If you haven’t claimed a donation tax credit since 2007 you may want to take full advantage of the First-time Donor’s Super Credit (FDSC).
Alternatives To Cash Gifts
Donations of Public Securities: If you have stocks or bonds, it is more efficient to donate the investment directly as this will eliminate the capital gain.
Flow-Through Tax Shelters: If you entered into any flow-through agreement after March 21, 2011, the tax benefit relating to the capital gain is eliminated or reduced. Consult with your accountant to help ensure you don’t create an unwanted capital gain.
Estate Plan Donations: If you worry that you may at some point have to deal with medical costs or simply cover daily living expenses, you can make a bequest in your will. Donation bequests are deductible on your final tax return. For deaths that occur after 2015, donations made by will and designation donations will no longer be deemed to be made by an individual immediately before the individual’s death. Instead, these donations will be deemed to be made by the individual’s estate and where certain conditions are met, these donations will be deemed to be made by the individual’s graduated rate estate.
The nonrefundable credit is a one-time deal and adds 25% to the normal Charitable Donation Tax Credit (CDTC). To maximize this tax break you may want to avoid claiming smaller donations in the years you make them and instead carry them forward over the five years the temporary credit is available until they add up to a $1,000 threshold.
The super credit is available to you if neither you nor your spouse of common-law partner has claimed a charitable credit since 2007. You may have made charitable donations since 2007, but as long as you didn’t claim a credit for them, you remain eligible for the super credit.
The $1,000 limit applies to individuals and couples; there is no doubling of the credit. If you share your super credit in a particular year, the total amount claimed can’t exceed the maximum allowable credit. There is no age limit on eligibility.

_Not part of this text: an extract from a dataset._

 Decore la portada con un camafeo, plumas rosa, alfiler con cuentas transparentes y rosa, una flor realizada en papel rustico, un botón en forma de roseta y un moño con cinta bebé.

Gifts of property don’t qualify for the super credit. Donations of property, including investments, will normally qualify for the charitable donation credit, but for donations to earn the super credit they must be made in cash only.
Also, the credit’s restricted to individual taxpayers. Corporations making donations for the first time won’t be eligible. They will be limited to the tax deduction typically available for corporate donations.

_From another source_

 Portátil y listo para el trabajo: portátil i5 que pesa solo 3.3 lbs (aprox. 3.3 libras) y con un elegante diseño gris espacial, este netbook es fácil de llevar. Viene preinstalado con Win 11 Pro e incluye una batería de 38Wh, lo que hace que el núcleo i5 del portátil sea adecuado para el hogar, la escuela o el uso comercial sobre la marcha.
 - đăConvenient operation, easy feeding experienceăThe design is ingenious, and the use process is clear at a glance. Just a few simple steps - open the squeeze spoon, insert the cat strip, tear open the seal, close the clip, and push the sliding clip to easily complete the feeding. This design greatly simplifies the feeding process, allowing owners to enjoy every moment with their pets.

For income tax purposes, the first $200 of charitable donations qualify for the 15% CDTC and gifts over that amount qualify for a 29% credit. The super credit boosts those federal tax breaks by an additional 25% on all donations up to the $1,000 limit.
The super credit effectively adds 25% to the rates used to calculate the normal refundable tax credit for as much as $1,000 of monetary donations. That means first-time individual donors are allowed a 40% federal credit for donations of $200 or less, and a 54% on amounts exceeding $200 but not exceeding $1,000.

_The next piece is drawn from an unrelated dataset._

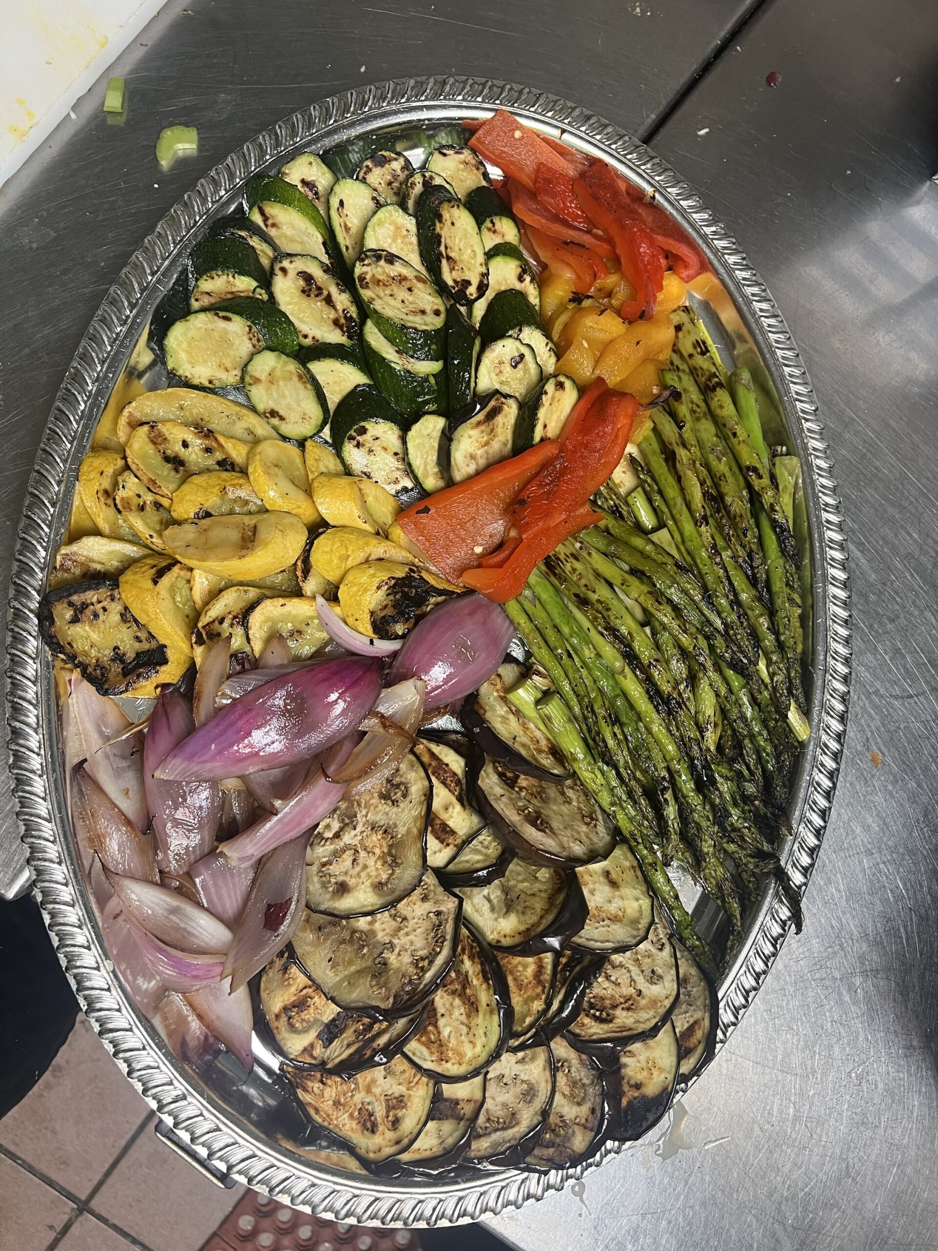 Includes eggplant, yellow zucchini, asparagus, yellow & red peppers, red onions

Example 1 – All cash: A taxpayer eligible for the credit claims $500 of charitable donations. All of the gifts are donations of money. The taxpayer’s federal super and normal charitable credits would be calculated as follows:
|First $200 of donations claimed||$200 times 15%||= $30|
|Donations exceeding $200||$300 times 29%||= $87|
|First-Time Donor’s Super Credit||$500 times 25%||= $125|
|Total of both credits||$2421|
Example 2 – Mix of cash and investments: An eligible first-time donor claims $700 of charitable donations, but investments make up $400 of the total. Deducting that amount from the total leaves a cash donation of $300. The federal credits would be calculated as follows:
|First $200 of $300 donations claimed||$200 times 15%||= $30|
|Donations exceeding $200||$500 times 29%||= $145|
|First-Time Donor’s Super Credit||$300 times 25%||= $75|
|Total of both credits||$2501|
Consult with your advisor on how best to use this tax credit.
1. Provincial credits would increase these amounts.